Cross-Coupling Made Easy

DIRECT CROSS-COUPLING of aryl halides with alkyl halides to form substituted aryl compounds—one of the most indispensable types of reactions in organic synthesis—has just gotten easier thanks to a new procedure that combines the formation of Grignard reagents and iron catalysis in one-pot reactions (Angew. Chem. Int. Ed. 2009, 48, 607).

The approach, designed by Waldemar M. Czaplik, Matthias Mayer, and Axel Jacobi von Wangelin of the University of Cologne, in Germany, builds on previous iron-mediated Grignard cross-coupling methods. But rather than separately preforming large amounts of hazardous organomagnesium reagents, as in standard Grignard coupling reactions, the new sequence forms Grignard reagents in situ. It also avoids the higher cost and toxicity problems associated with palladium and nickel cross-coupling catalysts.

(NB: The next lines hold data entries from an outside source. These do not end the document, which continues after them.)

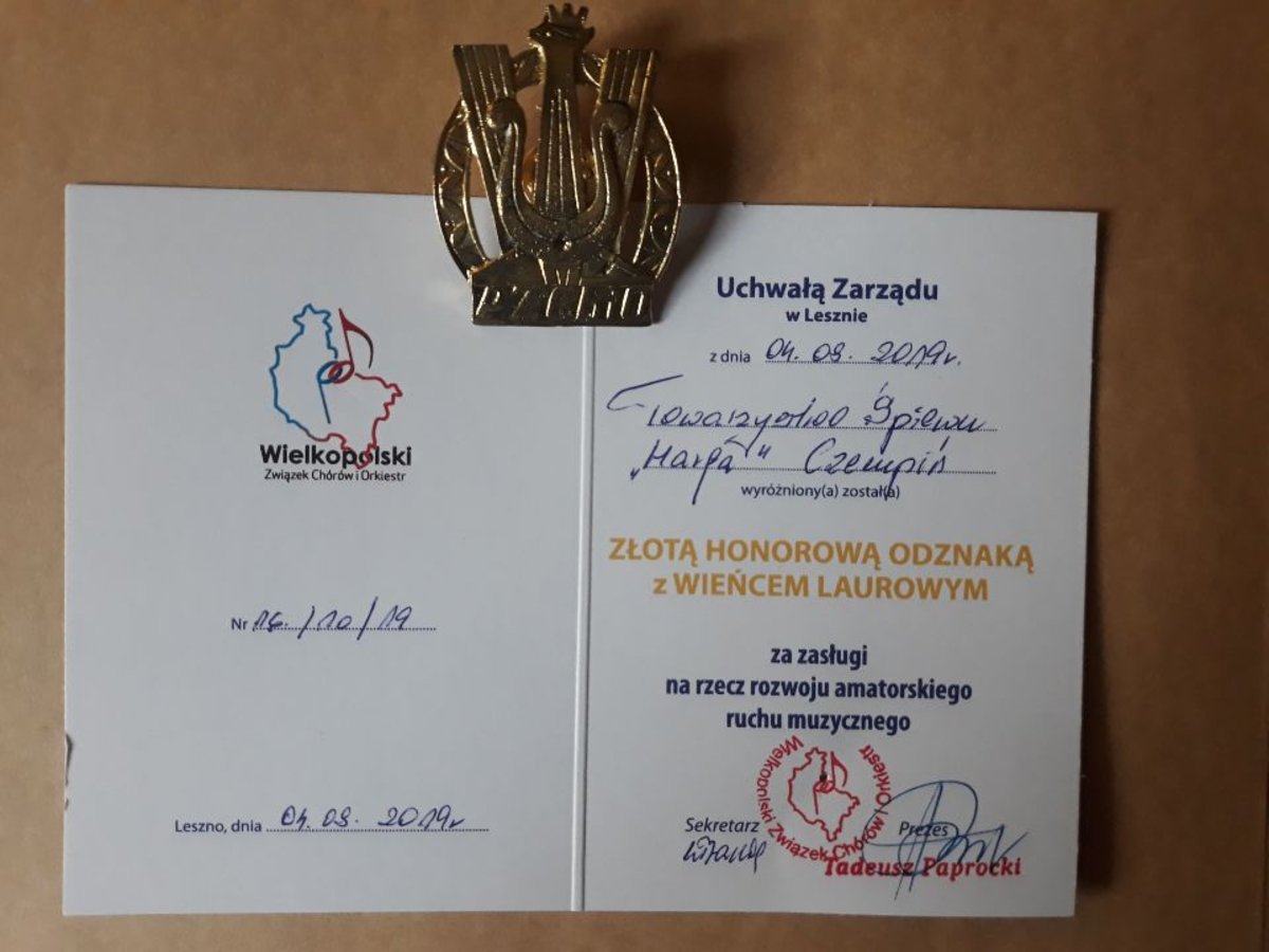 2019 r. - odznaczona Złotą Odznaką Harfy
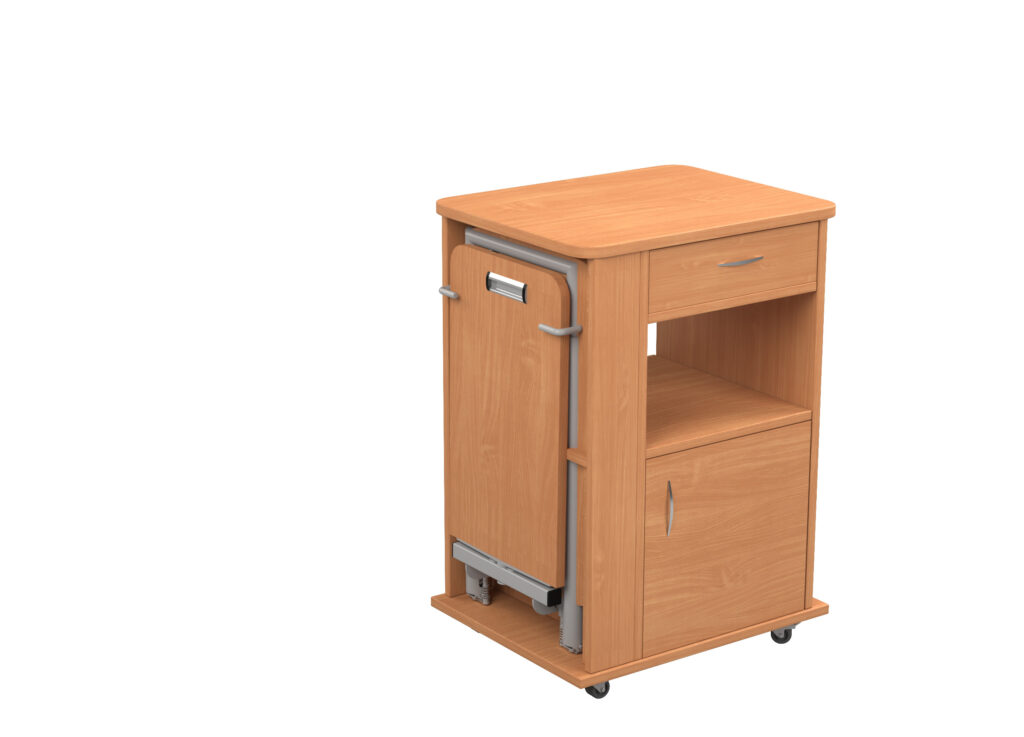 Virgo lux is an upgraded version of our standard bedside cabinet – aside form main features of Virgo this model is equipped with height-adjustable and tilting table. Efficient system of putting up and down makes it easy and comfortable while easting or reading. This model combines both bedside cabinet and overbed table, which makes it very functional.
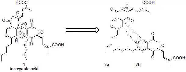 - ↑ Mehta G, Pan SC (October 2004). "Total synthesis of the novel, biologically active epoxyquinone dimer (+/-)-torreyanic acid: a biomimetic approach". Organic Letters. 6 (22): 3985–8. doi:10.1021/ol0483551. PMID 15496080.
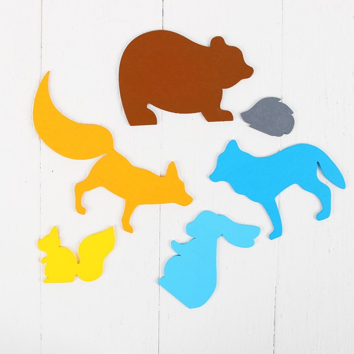 Определите с малышом положение фигурок и попросите ребёнка назвать каждого персонажа, затем устройте зверят на предназначенные им места.
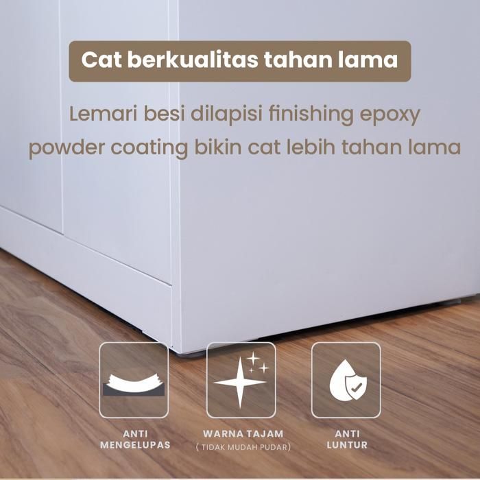 PIRA - ASHTON 6P FGD MWD Lemari Pakaian Besi 6 Pintu dengan Laci dan LED - ASHTON 6P LIGHT ASH - WHITE
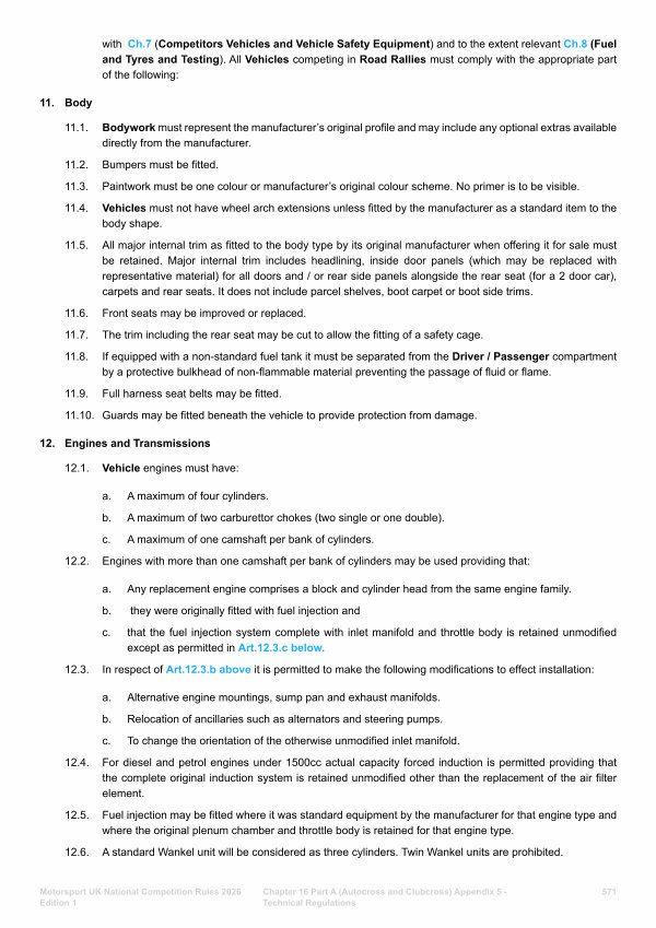 Chapter 16 Part A( Autocross and Clubcross) Appendix 5- Technical Regulations
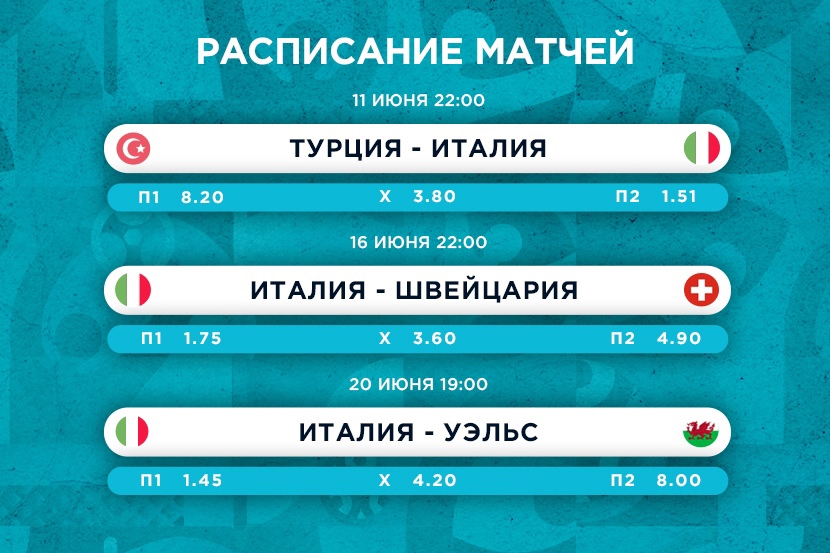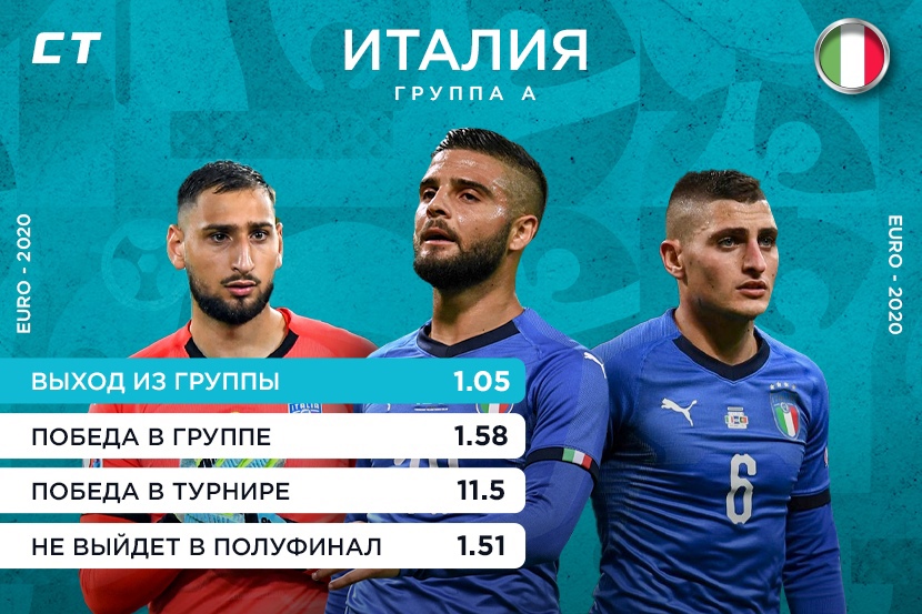 Как уже отмечено выше, итальянцы в числе восьми главных претендентов на титул. Их победа на Евро оценивается коэффициентом 11.5. Выход в финал - 5.5. В полуфинал - 2.4. В четвертьфинал - 1.45.

For a typical reaction, the researchers add FeCl₃ dissolved in tetrahydrofuran to a flask containing magnesium turnings. They also add tetramethylethylenediamine to serve as a ligand for stabilizing organometallic intermediates. They then add aryl and alkyl bromide reagents and allow the reaction to run for three hours at 0 °C before quenching it and isolating the product.

Iron catalyzes the in situ formation of the Grignard reagents, Jacobi von Wangelin explains. Although the exact details aren't yet known, it appears that alkyliron and arylmagnesium species are at work, he says. As these reagents form, the active cross-coupling catalyst, which the researchers believe is Fe(MgX)₂, where X is Cl or Br, also forms.

The team uses a variety of aryl-alkyl and alkenyl-alkyl combinations to make coupling products with up to 81% yields. Slow formation of the Grignard reagents combined with the rapid iron-catalyzed coupling step keeps the concentration of reactive organomagnesium intermediates low throughout the reaction, Jacobi von Wangelin says.

This approach to aryl-alkyl cross-couplings "nicely illustrates a general trend in today's catalytic organic chemistry: to achieve high selectivity with simple, readily available reagents in a safe and environmentally benign manner," notes Carsten Bolm of RWTH Aachen University, in Germany. The Cologne team's reaction is effectively "cross-coupling made easy," Bolm says.